What It’s Like to Live at the St. Regis in Boston

The luxury chain's first market-rate, residential-only homes opened in The Seaport in November 2022.

/ Courtesy photo

A twisting glass tower among a sea of boxy buildings, the St. Regis Residences Boston stands out when driving up Seaport Boulevard. The gleaming architectural marvel, designed by Elkus Manfredi Architects, is the first market-rate purely residential St. Regis in the world. With more amenity space per unit than any other residential structure in Boston, the project has held great promise since it first broke ground in 2018. Recently, we checked in with developer Jon Cronin to see how things have been going since residents began moving into the building in November 2022.

Q. What about this residential building is different from other luxury edifices that are being built in Boston?

A. The key for us was not to have transient people in the building—so you’re not on a treadmill next to somebody you don’t know—and to build a sense of luxury in an exclusive community. That has never been done before (in a hotel-brand building). It was just something that we thought was very special, and it really has proven to be the case.

Q. Can you tell me a little bit about the amenities you offer?

A. The St. Regis has unique amenities, such as white-glove butler service. They’ll know when your prescription is up, and they’ll offer to run and pick it up for you. They’ll know your dog’s name and what time the dog walker comes. It really is just a different level of service.

The amenity level itself is over 12,000 square feet. When we initially designed this building, there were five condominiums on [the amenity floor], but the St. Regis said they would love a pool and spa; they wanted saunas, Jacuzzis, boardrooms, and libraries. So we eliminated five condominiums and turned the whole level into amenity space.

A lot of the residences have butler pantries. It’s a private entrance [to a small closet] where a butler can drop room service or your dry cleaning off. You don’t have to exit the unit or open the door to receive it; there’s a little door inside the home [that accesses the space].

The 22-story building projects out into the harbor. The design intent was to create a tower evocative of billowing sails, rolling waves, and the arc of a ship’s bow. / Courtesy photo

Q. What was the vision that you had in mind for the interior design?

A. We really wanted an international feel: Comfortable but really luxurious. We chose Michael Booth of BAMO after I came across his work in Bangkok. Michael’s from here originally, so he understood how to evoke that New England feel and sensibility. With every St. Regis, they always push for a local feel, and here we went for a nautical vibe, but in a very luxurious way.

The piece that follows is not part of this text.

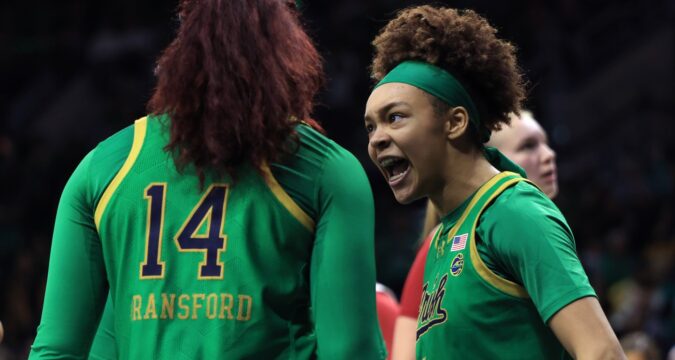 SOUTH BEND, Ind. — Hannah Hidalgo scored 22 points and hit the go-ahead jumper with 1.9 seconds left, KK Bransford scored nine of her 11 points in the fourth quarter and No. 24 Notre Dame beat No. 11 USC 61-59 on Friday.

If you look at some of the [wood] paneling, it’s like what you might find on a yacht but without being kitsch.

Q. Can you talk a little bit about the exterior of the building and the inspiration for it?

A. We had come through an initial design process with the Boston Planning and Development Agency, and we had a pretty nice building. It was a glass tower, a little boxy, but it had some flair to it. Then Mayor Walsh took over from Mayor Menino, and in his first State of the City address, he said, “We need some more adventurous architecture.” So I said to Elkus Manfredi: “Let’s rip everything up. Do something that you would see in Abu Dhabi or Dubai.” Then he went back and came up with this design. The feedback since then has been nothing but fantastic.